R will now use this path as default install path, ensuring you are always installing your packages in the appropriate R library folder.

Note

This configuration in ~/.Renviron will also work in Open OnDemand apps such as RStudio Server.

The next step is to load the appropriate R module, run R and check libPaths():

$ module load R/4.5.1-gfbf-2025a
$ R
R> .libPaths()
[1] "/data/brussel/100/vsc10000/Rlibs/RL9/zen2/R-4.5.1"
[2] "/apps/brussel/RL9/zen2-ib/software/R/4.5.1-gfbf-2025a/lib64/R/library"

From here, you can install packages with install.packages and it will use the well-defined location we made for this environment.

You can also specify your desired library path as an extra argument in the install command. This will take precedence over any environment variables or default settings:

> Rlibs <- "/path/to/my/R_library"
> install.packages("DEoptim", lib = Rlibs)

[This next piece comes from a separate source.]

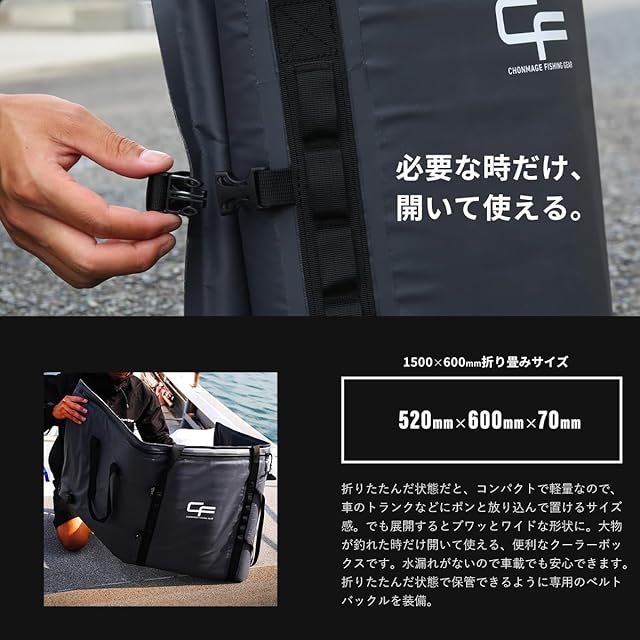 【これからの釣りのマストアイテム】 大物が釣れれば大活躍の大型クーラーボックスも、帰港して魚を入れるまでは一番場所をとる荷物・・・。万が一釣れなかった時にはなおさら。車内を整理してシートを下げて重くて大きなクーラーを積み込んでも、毎回の釣行で確実に釣果が上がるわけではありません。CFフィッシングソフトクーラーは”釣れるまで”は小さく折りたたんでおけるウェアラブル性能と、”釣れたら”抜群の断熱・保冷力と防水性能を兼ね備えた新世代フィッシングクーラーです。

Alternatively you can manually download the sources of the desired R package and install it from the command line with R CMD INSTALL and explicitly set the location of the installation:

$ wget cran.r-project.org/src/contrib/Archive/DEoptim/DEoptim_2.0-0.tar.gz
$ module load R/4.5.1-gfbf-2025a
$ R CMD INSTALL DEoptim_2.0-0.tar.gz  -l ${VSC_DATA}/Rlibs/${VSC_OS_LOCAL}/${VSC_ARCH_LOCAL}/R-${EBVERSIONR}

R packages using Conda#

Conda-based environment managers provide an alternative solution to manage self-contained environments of R packages. Such Conda environments can not only have R packages but also packages in other languages. However, it is not possible to combine Conda environments with software modules.

Creating a Conda environment for R#

  1. Follow the guide in Conda-based environment managers to active some Conda distribution of your choice.

  2. Create a new Conda environment including some version of R in it:

    # search available R versions
    $ conda search -c conda-forge r-base
    # select one for your new Conda environment
    $ conda create -n science -c conda-forge r-base=<version> r-essentials
    

    This command creates a new Conda environment called science, and installs your preferred R version from the conda-forge channel as well as the r-essentials bundle which includes number of commonly used R packages such as ggplot2, glmnet, dplyr, tidyr, and shiny.

    Note

    A lot of bioconda and bioconductor packages are not in sync with their dependencies, therefore you may need to create a separate environment for each of those packages to avoid conflicts.

  3. Activate the environment:

    $ source activate science
    

    Where science is the name of the environment previously created.

  4. You can now install an additional package (e.g. rodbc)

    $ conda install -c conda-forge r-rodbc
    

    Note that Conda will take care of all dependencies, including non-R libraries. This ensures that you work in a consistent environment.

  5. Once all required packages are installed, you can launch R or run R scripts with the new packages.

See also

For additional information on how to manage Conda environments, please check Conda-based environment managers.